DATA FOR THE TASK:
**********

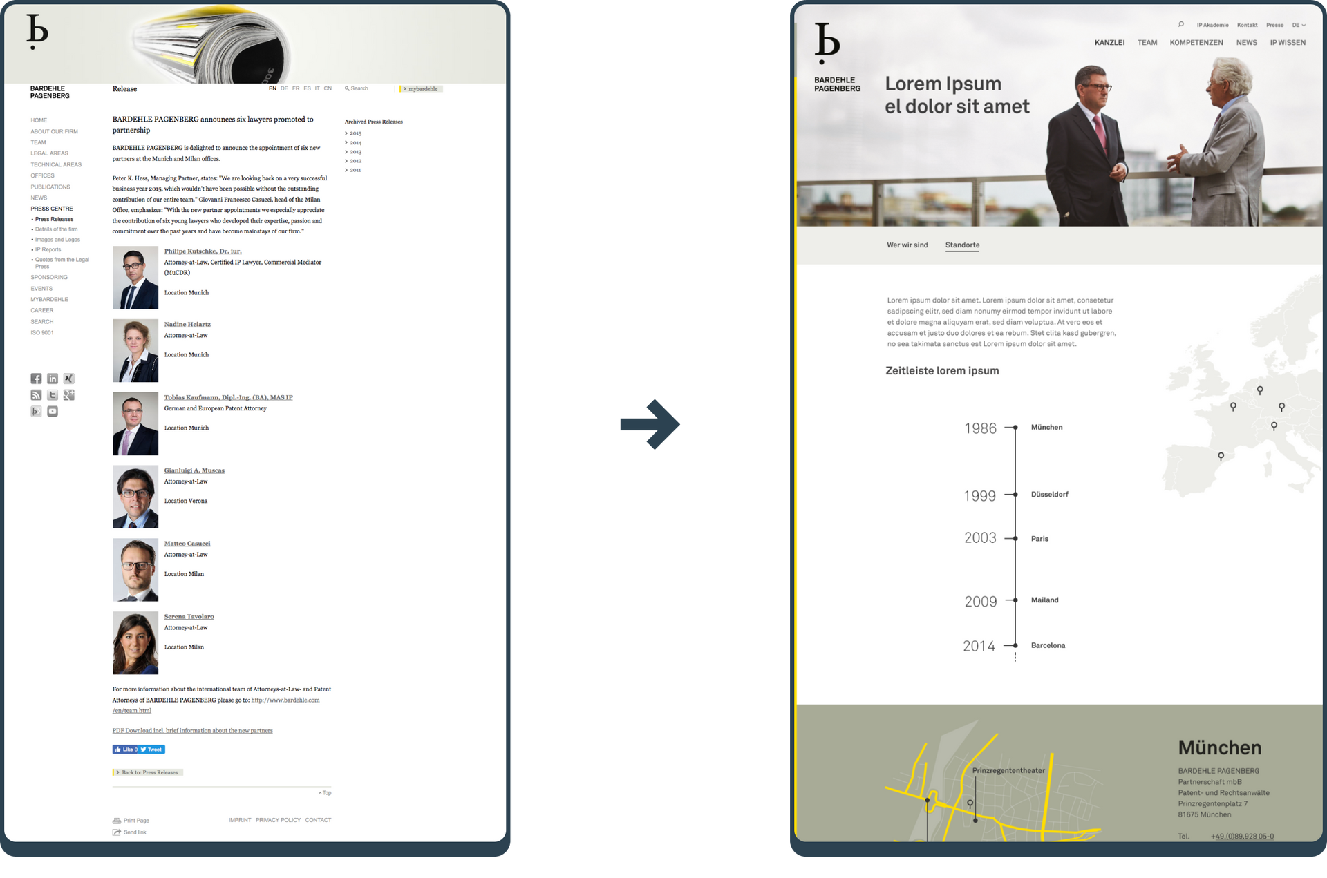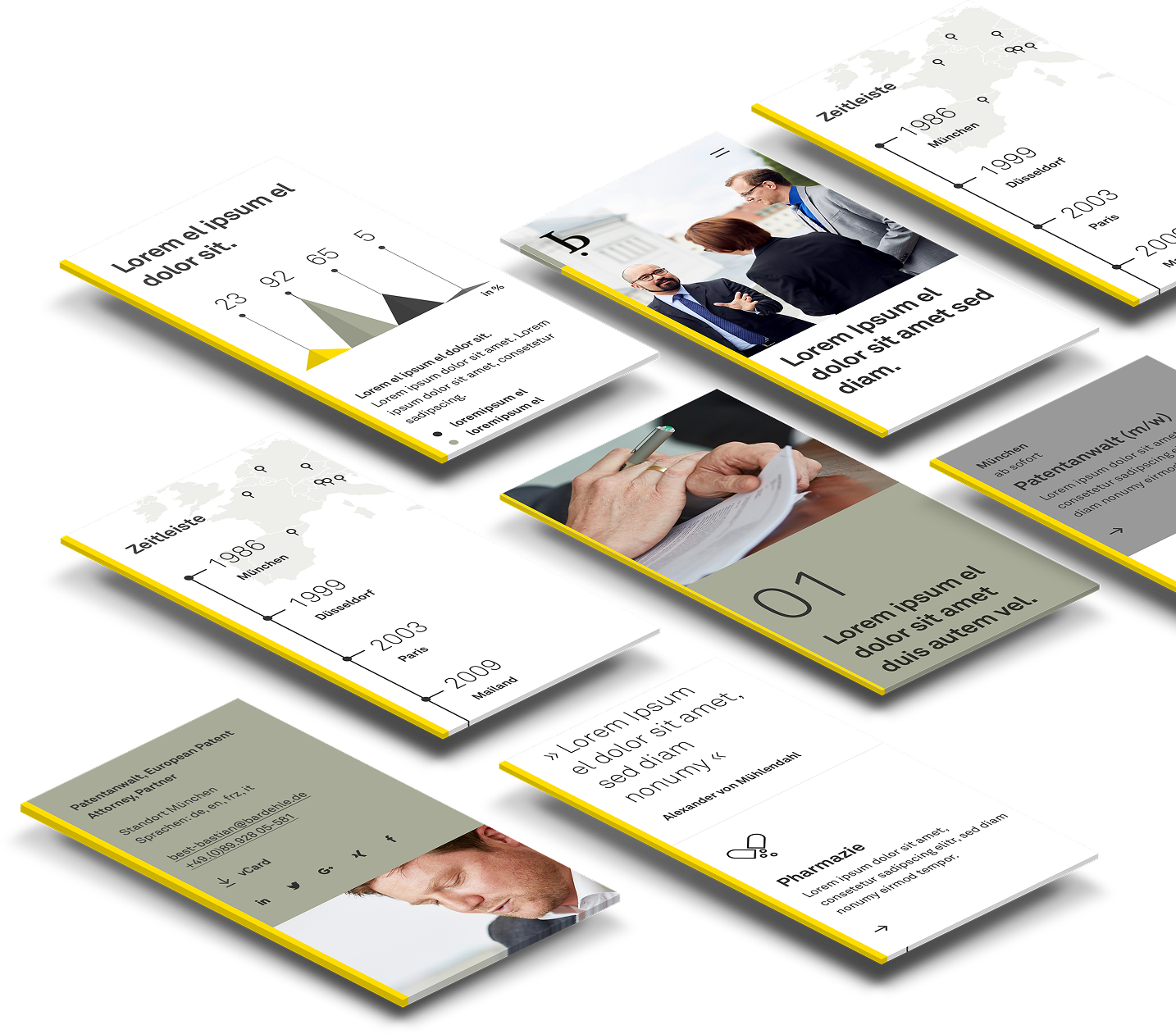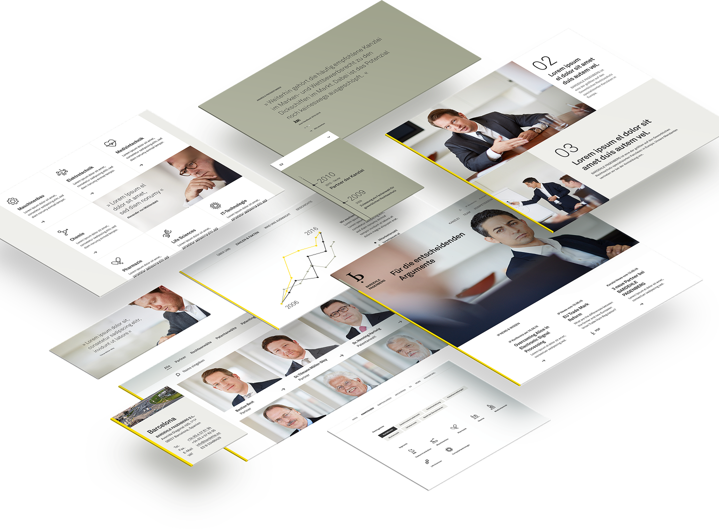 Im nächsten Schritt habe ich auf Basis einer systematischen Content-Analyse eine Content-Strategie entwickelt. Die Idee war es, die Navigationsstruktur sinnvoll aufzubauen – beginnend mit kanzleibezogenen Inhalten hin zu klar fachspezifischen Themen. So entstand eine Informationsarchitektur, die sowohl die Markenidentität als auch die fachliche Expertise transparent abbildet.
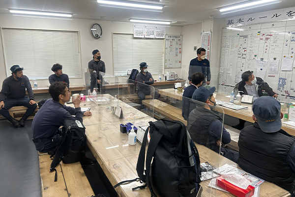 出発前に朝礼を行い、作業の進め方や現場での危険事項、出発点呼(体調管理)の確認を行います。
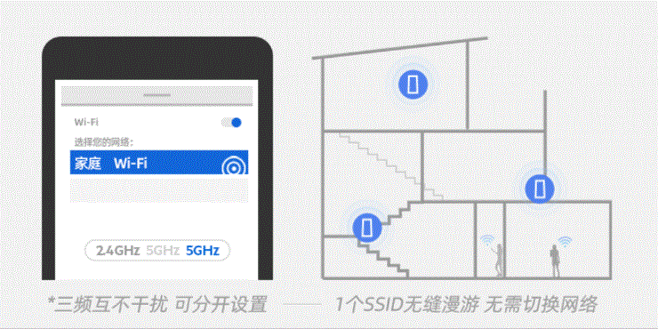 假设家里如上图有2个WiFi信号点,一个WiFi1在客厅,一个在主卧WiFi2,当我们连接了客厅的WiFi1然后回到房间后,WiFi1的信号虽然比较弱,但还是跟手机保持连接状态的,我们需要手动在WiFi设置里面选择主卧的WiFi2。那打游戏、在线看剧、视频通话等一切网络在线的功能都会为此中断。
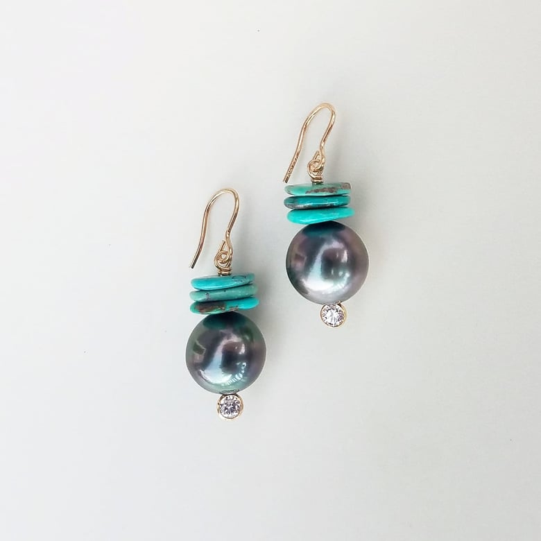 Tahitian Pearl & double Turquoise Earrings$525.00 / Sold Out -
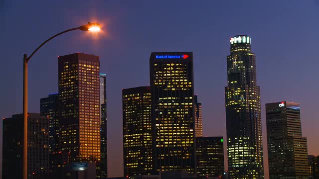 1073167 - Downtown Los Angeles Skyline transitioning from day to night.
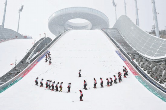 昨天,被稱(chēng)為“雪如意”的國(guó)家跳臺(tái)滑雪中心清雪整裝迎訓(xùn)練。新華社發(fā)

**********

WHAT THE TASK ASKS:
Write out the lines of the listing from the one that holds "1073167 - Downtown" to the very last line, both included, exactly as they appear and without any pictures.

TASK RESULT:
 1073167 - Downtown Los Angeles Skyline transitioning from day to night.
 昨天,被稱(chēng)為“雪如意”的國(guó)家跳臺(tái)滑雪中心清雪整裝迎訓(xùn)練。新華社發(fā)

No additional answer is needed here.